Detection of mild hippocampal atrophy requires accurate and reproducible quantitative measurement of hippocampal volumes as well as normative measures. Traditionally, hippocampal volume quantification has been performed by manual tracing of the hippocampal formations on individual MRI slices. Recently, automated computer algorithms, capable of identifying the hippocampal boundaries based on anatomical atlases, have become available, and have shown promise toward objective volume measurements with minimal operator interaction. NeuroQuant (CorTechs Labs, San Diego, California) is the first FDA‐approved (510[k]K061855) automated segmentation algorithm for clinical hippocampal volumetry and has gained widespread use in diagnosis and management of Alzheimer's disease and epilepsy. Automated hippocampal volume measurement (along with a large number of other brain structures) is also possible with FreeSurfer, an open‐source image analysis software package from the Martinos Center at Harvard University.
We aimed to compare the accuracy of FreeSurfer and NeuroQuant automated segmentation measurement techniques with traditional manual hippocampal volumetry. Clinical assessment of hippocampal volumes requires accurate and reproducible measurements of left and right absolute volumes and asymmetry index. Asymmetry alone can be a sensitive indicator in cases of unilateral temporal lobe seizures, but detection of hippocampal atrophy in bitemporal epilepsy requires comparison to normative hippocampal volume measurements. Furthermore, quantification of the interstudy variation in hippocampal measurements is needed to establish the minimum detectable change using automated methods.
Methods
The Mayo Clinic Institutional Review Board reviewed and approved the use of retrospective MRI data for this study. Fifty seizure protocol MRI studies were identified retrospectively that had been acquired at our institution between 1 January 2015 and 31 January 2017, applying “Hippocampal Atrophy” or “Hippocampal Asymmetry” as search terms to our clinical radiology report database. Search results were reviewed to exclude “No Hippocampal Atrophy” or other phrases indicating entirely normal studies. Patients with previous resective surgery or gross cortical deformations were excluded, with the exception of two patients with such features included specifically to assess the robustness of the segmentation procedure: 1. Large interhemispheric cysts, 2. Global cerebral atrophy with ex vacuo ventricular dilation (Figure ). All images were visually inspected, and images with excessive noise or motion artifacts were excluded. Images were excluded if no acceptable study was available. One of the MRI exams identified in our search was a follow‐up study of one patient already identified for the cohort; thus 49 patients in total were included in this study.

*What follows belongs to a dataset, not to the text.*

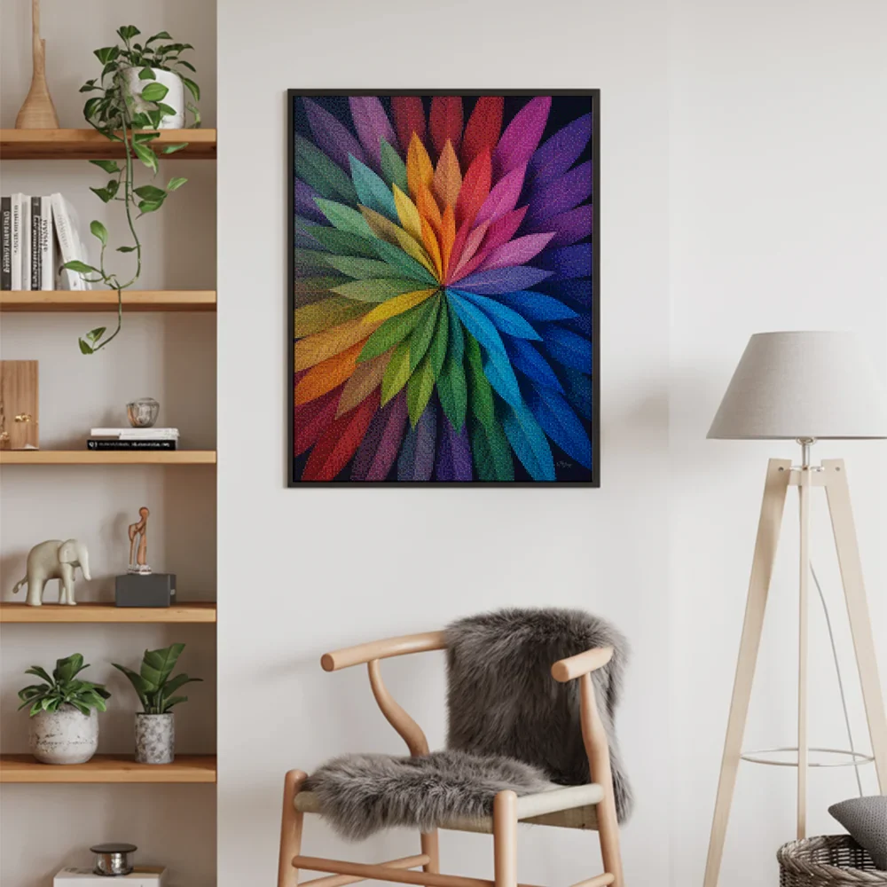 ¿Estás buscando una salida creativa, una actividad divertida para toda la familia? Esto es posible con nuestro set completo y profesional de Diamond Painting – Explosión de hojas vivas – Mandalas. Con él podrás crear los más bellos cuadros en casa. El lienzo de alta calidad y transparencia te permite realizar una obra de arte impresionante en poco tiempo. Libera tu creatividad con tus propias creaciones. Diamond Painting es el pasatiempo perfecto para ti solo o para disfrutar en familia.

Gross anatomic deformations. Two patients, one with midline cysts (left) and another with ex vacuo ventricular dilation (right), were included in the study to assess the robustness of the automated algorithms to gross anatomic deformations distant from the hippocampus. Both automated segmentation algorithms failed on these two cases.
All MRI studies analyzed were acquired at 3 Tesla in a sagittal orientation with a T1‐weighted MPRAGE sequence provided by the vendor of NeuroQuant (TR = 6.5 msec TE = 2.5 msec, pixel dimensions 0.9375 × 0.9375 × 1.2 mm). Studies were acquired on both GE and Siemens systems. Manual hippocampus segmentations were performed by experienced 3D lab technologists using a dedicated hippocampal volume tracing program (Analyze MD, Biomedical Imaging Resource, Rochester MN). The manual segmentations are performed for left and right hippocampus separately in the coronal plane proceeding from the hippocampal head posteriorly to the tectal plate. Hence, the posterior tail of the hippocampus is omitted with this methodology, rendering volume lower than obtained by the two automated techniques. FreeSurfer version 5.3.0 was used to generate automated hippocampal segmentations, using default parameters. While FreeSurfer has the capability to take a T2‐weighted image as a command line input in addition to the T1‐weighted image to improve segmentation accuracy, this feature was not tested in this study. NeuroQuant version 2.0.1 was also used for algorithm‐generated hippocampal segmentations using the CorTech Labs processing receiver, as is done clinically at our institution. All three segmentation methods were applied to the same T1‐weighted images. No preprocessing was applied to the images prior to segmentation, but conversion from DICOM to nifti format was done for the FreeSurfer segmentations, as we occasionally had DICOM header errors when directly processing the DICOM files. NeuroQuant reports volumes in a normative percentile rank format along with raw volumes based on a large proprietary normative cohort of images. Normative percentiles are not produced by FreeSurfer directly but were computed using an open‐source calculator based on summary statistics from a large group of normal MRIs as a reference set (2790 subjects, 50.2% female, mean age 47.6 ± 21.8 year, range 18–94 year, 91% right handed, 53% acquired on 3T scanners).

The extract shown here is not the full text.